Kahrhoff v. Kohl

Shanahan, J.,

dissenting.

Before and after the collision Kohl’s car was in good mechanical condition. Never had there been any malfunction of the accelerator of Kohl’s 1976 Chevrolet with 55,000 miles. Yet, inexplicably, the car’s “footfeed by itself went down,” causing Kohl’s automobile to burst through the window of a beauty shop and travel “up to the driers.” Proper function of the footfeed-accelerator was immediately restored by some unknown and unmentioned means, however, as moments later Kohl backed her car out of the beauty shop, away from the dryer where Kahrhoff had been seated, and experienced no difficulty in backing her car to a site where she encountered a police officer who “was there right as soon as I got stopped.”

Nebraska has had a' long-standing rule consisting of conjunctive duties: a motorist must keep a lookout for objects in plain view and operate a motor vehicle in such a manner to avoid colliding with an object within the operator’s range of vision.
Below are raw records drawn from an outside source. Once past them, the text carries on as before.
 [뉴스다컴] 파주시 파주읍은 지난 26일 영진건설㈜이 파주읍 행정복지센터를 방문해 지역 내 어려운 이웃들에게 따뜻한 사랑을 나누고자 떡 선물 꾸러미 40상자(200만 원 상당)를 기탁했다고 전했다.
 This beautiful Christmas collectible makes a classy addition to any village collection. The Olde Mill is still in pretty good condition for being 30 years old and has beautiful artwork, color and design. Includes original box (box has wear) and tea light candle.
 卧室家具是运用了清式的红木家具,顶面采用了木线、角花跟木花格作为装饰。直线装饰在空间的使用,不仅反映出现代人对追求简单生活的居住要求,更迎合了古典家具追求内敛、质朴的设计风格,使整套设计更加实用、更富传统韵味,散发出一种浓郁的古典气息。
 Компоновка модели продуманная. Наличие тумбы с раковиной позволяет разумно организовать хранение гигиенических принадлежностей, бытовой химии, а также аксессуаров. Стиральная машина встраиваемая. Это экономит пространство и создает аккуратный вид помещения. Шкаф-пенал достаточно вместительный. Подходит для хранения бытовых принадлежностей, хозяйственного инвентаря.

Failure to fulfill such requirement was negligence as a matter of law. See O'Conner v. Kientz, 184 Neb. 554, 168 N.W.2d 703 (1969). See, also, Newkirk v. Kovanda, 184 Neb. 127, 165 N.W.2d 576 (1969).
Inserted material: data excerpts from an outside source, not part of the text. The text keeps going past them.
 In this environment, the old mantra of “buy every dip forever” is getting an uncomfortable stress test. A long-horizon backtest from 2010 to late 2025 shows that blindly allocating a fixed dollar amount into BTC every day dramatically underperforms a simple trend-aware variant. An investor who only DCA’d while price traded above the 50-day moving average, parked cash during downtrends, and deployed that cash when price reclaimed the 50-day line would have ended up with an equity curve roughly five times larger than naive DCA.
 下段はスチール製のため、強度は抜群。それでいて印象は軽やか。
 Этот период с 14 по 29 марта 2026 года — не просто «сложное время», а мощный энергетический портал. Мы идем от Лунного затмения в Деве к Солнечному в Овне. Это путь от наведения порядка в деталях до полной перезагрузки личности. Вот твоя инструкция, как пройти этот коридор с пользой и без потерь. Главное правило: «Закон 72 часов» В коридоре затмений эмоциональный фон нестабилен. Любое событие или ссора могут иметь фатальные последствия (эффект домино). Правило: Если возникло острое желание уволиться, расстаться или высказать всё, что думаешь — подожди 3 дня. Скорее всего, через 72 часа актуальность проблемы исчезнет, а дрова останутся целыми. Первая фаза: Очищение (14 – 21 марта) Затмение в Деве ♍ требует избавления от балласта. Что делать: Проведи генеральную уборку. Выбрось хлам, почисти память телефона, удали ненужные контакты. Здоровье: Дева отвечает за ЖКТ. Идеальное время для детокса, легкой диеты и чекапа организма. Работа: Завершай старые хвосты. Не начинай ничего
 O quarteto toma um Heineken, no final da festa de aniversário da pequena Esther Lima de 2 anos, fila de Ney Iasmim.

“The basis of the foregoing general rule is that the driver of an automobile is legally and mandatorily obligated to keep such a lookout that he can see what is plainly visible before him and to operate his automobile in such a manner that he can stop it and avoid collision with any object in front of him.”

(Emphasis supplied.) Stanley v. Ebmeier, 166 Neb. 716, 729, 90 *747N.W.2d 290, 298 (1958).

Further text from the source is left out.